Роман

Барсуки

Жи-или, бы-или
Два брата родны-ие
О-одна мать их вспои-ила...
Ра-авным щастьем надели-ила:
Одного-о то бога-атством,
А-а другого нишшато-о-ой!
(Слепцы поют).

ЧАСТЬ ПЕРВАЯ

I. Егор Иваныч Брыкин женихаться едет

Прикатил на Казанскую парень молодой из Москвы к себе на село, именем — Егор Брыкин, званьем — торгаш. На Толкучем в Москве ларь у него, а в ларе всякие капризы, всякому степенству в украшенье либо в обиход: и кольца, и брошки, и чайные ложки, и ленты, и тесемки, и носовые платки... Купечествовал парень потихоньку, горланил из ларя в три медных горла, строил планы, деньгу копил, себя не щадя, и полным шагом к своей зенитной точке шел. Про него и знали на Толкучем: у Брыкина глаз косой, но меткий, много видит; у Брыкина прием цепкий, а тонкие губы хватки, — великими делами отметит себя Егорка на земле.

Илл. А.И. Кравченко

А за неделю до Казанской нашел Брыкин стертый пятак под водосточным жолобом. С пятака и пристала к нему тоска.

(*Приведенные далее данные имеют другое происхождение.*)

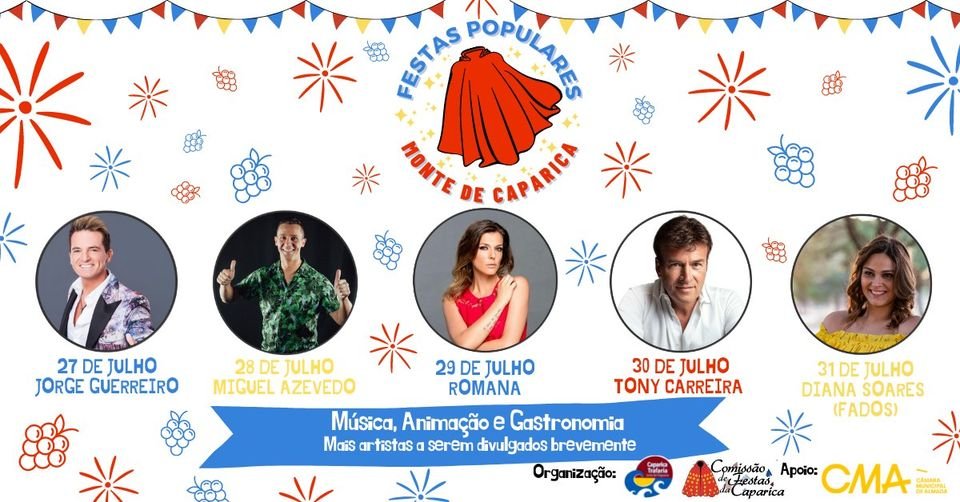 Conhece aqui o programa das Festas Populares: 27 de Julho 19:00 - Abertura dos stands de gastronomia e artesanato 21:00 - Arruada com fanfarra dos Bombeiros Voluntários da Trafaria 21:20 - Inauguração do Espaço de Atividades e Exposição "550º Aniversário da Freguesia da Caparica" 22:00 - Atuação com Jorge Guerreiro (Palco do Monte) 23:30 - 01:00 - Atuação com Dj Alex (Palco Sunset) 28 de Julho 19:00 - Abertura dos stands de gastronomia e artesanato 19:00 - Música Ambiente (Palco Sunset) 19:00 - Abertura do Espaço de Actividades (Espaço Junta, Exposição, Biblioteca, Jogos e Pinturas Faciais) 19:00 - 21:00 - Desporto com a Lifeshaker 20:00 - 20:30 - Atuação com Tuna Maria (Palco Sunset) 22:00 - Actuação com Miguel Azevedo (Palco do Monte) 23:30 - 01:00 - Atuação com Dj Alex (Palco Sunset) 29 de Julho 19:00 - Abertura dos stands de gastronomia e artesanato 19:00 - Música Ambiente (Palco sunset) 19:00 - Abertura do Espaço de Actividades (Espaço Junta, Exposição, Biblioteca, Jogos e Pinturas Faciais) 19:00 - 21:00 - Desporto com a Lifeshaker 20:00 - 21:00 - Arruada com Almada Street Band 21:00 - 22:00 - Atuação com Dj Alex (Palco Sunset) 22:00 - Atuação com Romana (Palco do Monte) 23:30 - 01:00 - Atuação com Dj Alex (Palco Sunset) 30 de Julho 16:00 - Abertura dos stands de gastronomia e artesanato 16:00 - Música Ambiente (Palco Sunset) 16:00 - Abertura do Espaço de Actividades (Espaço Junta, Exposição, Biblioteca, Jogos e Pinturas Faciais) 17:00 - 17:30 - Atuação com Antunia (Palco Sunset) 18:00 - 19:00 - Arruada seguida de concerto com Grupo de Concertinas com Associação Águias Vermelhas 19:00 - 21:00 - Desporto com a Lifeshaker 19:30 - 21:00 - Atuação com Tanya (Palco Sunset) 21:00 - Música ambiente (Palco Sunset) 22:00 - Atuação com Tony Carreira (Palco Monte) 23:30 - 01:00 - Atuação com Dj Alex (Palco Sunset) 31 de Julho 16:00 - Abertura dos stands de gastronomia e artesanato 16:00 - Música Ambiente (Palco Sunset) 16:00 - Abertura do Espaço de Actividades (Espaço Junta, Exposição, Biblioteca, Jogos e Pinturas Faciais) 17:00 - 18:00 - Atuação do Gripo de Cantares - Associação Águias Vermelhas (Palco Sunset) 18:00 - 19:00 - Música Ambiente (Palco Sunset) 19:00 - 21:00 - Desporto com a Lifeshaker 19:00 - Atuação de fado (Palco Sunset) - Conceição Ribeiro - Catarina Grilo - Rosa Borges - Bítor Miranda - Daniel Coleljo - Luís Carlos 21:00 - Arruada com Porbatuka 22:00 - Homenagens em palco e entrefa de prémios Exposição "550º Aniversário da Freguesia de Caparica" 22:30 - Atuação com Diana Soares (Palco Monte)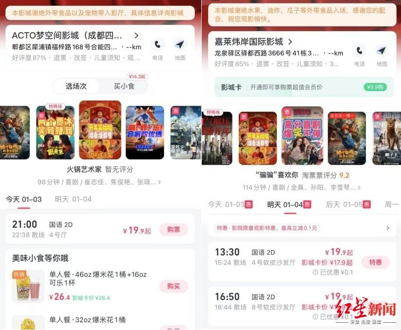 这两部电影票价只要19.9元,成都这些影院已能看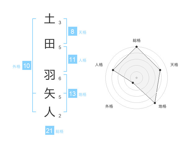 土田 羽矢人さんを姓名の画数から五運を鑑定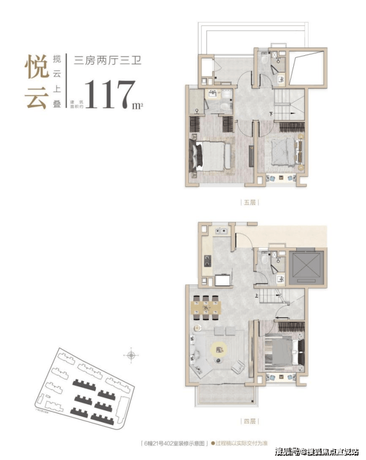 项目的上叠户型3房3卫的设计,每个家庭成员都能找到独属于自己的天地。

Осунулся и помертвел, вся скупая пища, какую принимал, на разрощенье его тоски пошла. Тут как-то, сидя на койке у себя со свечкой, сосчитал Брыкин сумму богатства своего и задумался. Причудилось ему, что уже настало время удивить мир деянием большого человека Егора Брыкина, а тоску за предвестье славы своей счел. Парень он был коммерческого смысла, знал потехе меру, деньгам счет, высшему чину лукавый почет, а себе истинную цену. Пораздумав вдоволь и дело обсудя с городским своим приятелем, Карасьевым, порешил Егор к жнитву домой женихаться ехать.

... Назаровскую, с лихими бубенцами, нанял он со станции тройку, — четвертной билет Егору в женитьбенном деле не расчет. Ямщика щедро выпоив чаем с баранками, чтобы в Сускии не ночевать, сел пошире да поскладней на все сорок четыре скучных версты, сплюнул из-за папироски, покрестился со смешком на иконку в подорожном столбе, сказал ямщику речисто и степенно:
— Правь.

Дернул коренник, свистнула по пристяжке вожжа. Трескуче защебетали железные шины по крупному щебню станционного шоссе. Потом свернули в сторону, смягчилась дорога высокой, топкой пылью. Куриные дома станционной мелюзги сменились тяжкими ржаными полями. А вокруг двинулись, уплывая назад, старо-знакомые виды Егоровой стороны.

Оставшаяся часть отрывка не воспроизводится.